The function millis() is called in every state so that there is always the current time available. Since we do not exactly know how long the processing for one state takes, we cannot be sure that we really get every milliseconds value. Therefore, the comparisons are done with  $\leq$  and > instead of = and  $\neq$ .

*Example 1.* Most Arduino boards have an LED already connected to Port 13. With the following program we can let this LED blink with 1000 ms on, then 1000 ms off, and so on. The similar program BinkWithoutDelay from the Arduino tutorial has 16 lines of code.

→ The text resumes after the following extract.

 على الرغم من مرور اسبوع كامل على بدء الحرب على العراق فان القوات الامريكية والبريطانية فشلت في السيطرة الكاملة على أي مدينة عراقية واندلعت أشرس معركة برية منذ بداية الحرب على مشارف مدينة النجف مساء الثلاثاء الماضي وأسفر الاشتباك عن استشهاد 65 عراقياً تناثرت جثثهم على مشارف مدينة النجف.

The internal Datalog version (with all abbreviations expanded) of the program is shown in Fig. 2.  $\hfill \Box$ 

# **3** Generalized Exclusion Constraints

Obviously, it should be excluded that digitalWrite is called in the same state and for the same port with two different values. Since no specific sequence is

(1) call\_pinMode(0, 13, #OUTPUT). (2) turn\_on(1). (3) delayed\_turn\_off(S, From, 1000)  $\leftarrow$  $turn_on(T) \land ret_millis(T, From) \land succ(T, S).$ (4) delayed\_turn\_off(S, From, Delay)  $\leftarrow$ delayed\_turn\_off(T, From, Delay)  $\land$  $\mathsf{ret}_\mathsf{millis}(\mathsf{T},\mathsf{Now}) \land \mathsf{From} + \mathsf{Delay} < \mathsf{Now} \land \mathsf{succ}(\mathsf{T},\mathsf{S}).$ (5) turn\_off(S)  $\leftarrow$ delayed\_turn\_off(T, From, Delay)  $\land$  $ret_millis(T, Now) \land From + Delay \ge Now \land succ(T, S).$ (6) delayed\_turn\_on(S, From, 1000)  $\leftarrow$  $turn_off(T) \land ret_millis(T, From) \land succ(T, S).$ (7) delayed\_turn\_on(S, From, Delay)  $\leftarrow$ delayed\_turn\_on(T, From, Delay)  $\land$  $ret_millis(T, Now) \land From + Delay < Now \land succ(T, S).$ (8) turn\_on(S)  $\leftarrow$  $\mathsf{delayed\_turn\_on}(\mathsf{T},\mathsf{From},\mathsf{Delay}) \land \\$  $\mathsf{ret}_{\mathsf{millis}}(\mathsf{T},\mathsf{Now}) \land \mathsf{From} + \mathsf{Delay} \ge \mathsf{Now} \land \mathsf{succ}(\mathsf{T},\mathsf{S}).$ (9) call\_digitalWrite(T, 13, #HIGH)  $\leftarrow$  $turn_on(T)$ . (10) call\_digitalWrite(T, 13, #LOW)  $\leftarrow$  $turn_off(T)$ . (11) always(0). (12)  $always(S) \leftarrow always(T) \land succ(T, S)$ . (13) call\_millis(T)  $\leftarrow$  always(T).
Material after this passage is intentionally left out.